In C++, when one declares a structure or a class, the keywords struct and class are not necessary when declaring an object.

P.S. typedef can also be used to define an alias for any data type, not just structures.

------------

EDIT: I dug through some old code that I had saved. I cannot recall who was the original author of the following code, but it appears less complex than the one you posted. And it is in C++. However, I do not know if it works for creating "Intel" hex-style values. But it works on my Intel processor.


#include <iostream>
#include <string>
#include <bitset>
#include <sstream>


void BinToHex(const std::string& binaryStr, std::ostringstream& hexStr);

int main()
{
std::string binaryStr("11101111011111000011101010101101");
std::ostringstream hexStr;

BinToHex(binaryStr, hexStr);

std::cout << hexStr.str()<< std::endl;
}

void BinToHex(const std::string& binaryStr, std::ostringstream& hexStr)
{
const size_t SETSIZE = 4;
size_t idx = 0;
size_t size = binaryStr.size();

hexStr << std::hex;

for (size_t i = 0; i < (size/SETSIZE); ++i, idx += SETSIZE)
{
std::bitset<SETSIZE> set(binaryStr.substr(idx, idx + SETSIZE));
hexStr << set.to_ulong();
}

hexStr << std::dec << std::endl;
}

stevescripts
March 11th, 2009, 03:27 PM
I think I understand what you mean... if "line" were an int, it would be declared "int line;".

But I don't get what data "type" "t_one_line" is. Is it declaring that "line" is the entire structure and "line.xxx" are individual parts of the structure?
...


That is basically correct.

While you *could* name your structure line, doing something to denote that line is a defined type in its name is pretty standard programming style.
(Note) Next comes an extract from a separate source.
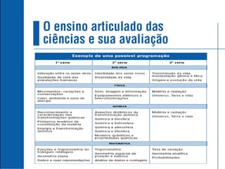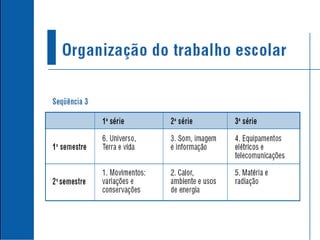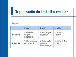 Foram privilegiados seistemas estruturadores com abrangência para organizar o ensino de Física: 1. Movimentos: variações e conservações 2. Calor, ambiente e usos de energia 3. Som, imagem e informação 4. Equipamentos elétricos e Telecomunicações 5. Matéria e radiação 6. Universo, Terra e vida

It let's you know (elsewhere in the code) that you are dealing with a programmer defined type, rather than a standard type. For example, if I had written it, I would more than likely have called the structure line_t.

As dwhitney67 posted, this is C code, not C++. Read his post carefully - he is an accomplished compiled language coder, while the rust on my C/C++ coding skills is quite thick anymore.